Lightweight Markups Versus WYSIWYGs

As it mentioned above, Markup languages and WYSIWYG word processors are not in the same kind, so that listing them together is not correct technically; one reason stated above: they are known their markup language which are not open source. Therefore, only the same processor could create it. But there is another important reason to comparing lightweight markups with WYSIWYGs: Lightweight markup languages are ceded and overcome by WYSIWYGs; That is, people prefer markup languages such as docx or odt due to they could be created by a WYSIWYG word processor. as far as we want to deal with lightweight markups, not doing a kind of Aristotelian classification, such an attitude serve the purpose well.

The Advent of WYSIWYGs

As WYSIWYG (What You See Is What You Get) word processors conquered the 21st century, one might wonder why should we use a lightweight markup language, or any other markup language that whose formatting needs to be write down, instead of using mouse and toolbars; it is a smart question which may guide us to somewhere good. For common people, who are not familiar with many different alternatives to those WYSIWYGs, this question answered simply and naively by expressing phrases like:

There is no good in using something like boring lightweight markups when we have MS Word, Google Docs and even in open source community LibreOffice, Abiword and Calligra.

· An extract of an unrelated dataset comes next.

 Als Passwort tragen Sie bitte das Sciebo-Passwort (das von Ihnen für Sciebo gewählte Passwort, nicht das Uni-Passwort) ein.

I emphasized the word "see" in the phrase, because that word might be the key to understand the situation. Most of the time, people who are not in favor of lightweight markups, find lightweight markups difficult to deal with or learn or just seem weird to them. Markdown, commonmark, other Markdowns(Github flavored, Extra, R, etc), Textile, Restructuredtext, Gemtext, RDoc, Asciidoc, a couple of other formats, and most recently Jdot are in a line when it comes to this specific question. When we, people who prefer lightweight markups over, let say, MS Word format, .docx, it might be understood as a sub-culture for a community, a kind of behavior which we like to do just to be different, distinguishing ourselves from our fellow humans; do we? absolutely not. Although, justifying this point needs a lot of work to be done before. On the other hand, suppose we are right about the lightweight markups, why, then, we have not succeeded in that goal and still lightweight markups is not popular? that would be another question which must be meet after the first one.

The Road-map

I would divide the discussion into two main section, inn which "Love and Squalor" borrowed from the name of a short story of J. D. Salinjer, "with Love and Squalor":

  1. the merit and love of lightweight markup languages;
  2. the demerit and squalor of lightweight markups.

in the first section we look into markups, in particular, lightweight ones; in doing that we take the merit of them into account. The reason of repeating "lightweight" again and again is that comparing other markups such as HTML, LaTex, odt (OpenDocument), with other formats needs different attitude which does not apply to lightweights necessarily. in a markup language like HTML or LaTex there are different issues. thus, it is a wise act to stick to lightweights. in this section we scrutinize the lightweight markups and comparing them with WYSIWYG_s, such as .docx (_MS Word format). note it worthy that in this comparison there is a point: lightweight markups like Markdown, essentially are document formats, and .docx, as well; if we compare MS Word with Markdown it is not a good comparison as the former is an application and the latter is a document format. but this is just a kind of figure of speech, since a well-shaped .docx could be generated only by MS Word. Although other applications, like LibreOffice, could produce .docx files but their production behave in a strange way. Regarding second section, we will take a look into the dark part of lightweight markups, i.e. what deprive them from being popular. perhaps this second part is more important; as many people do not care about reason but they seek performance, simplicity, and user-friendliness. you can lecture a group about avoiding one certain thing and get their approval, but they do not abandon it unless there would be another alternative option.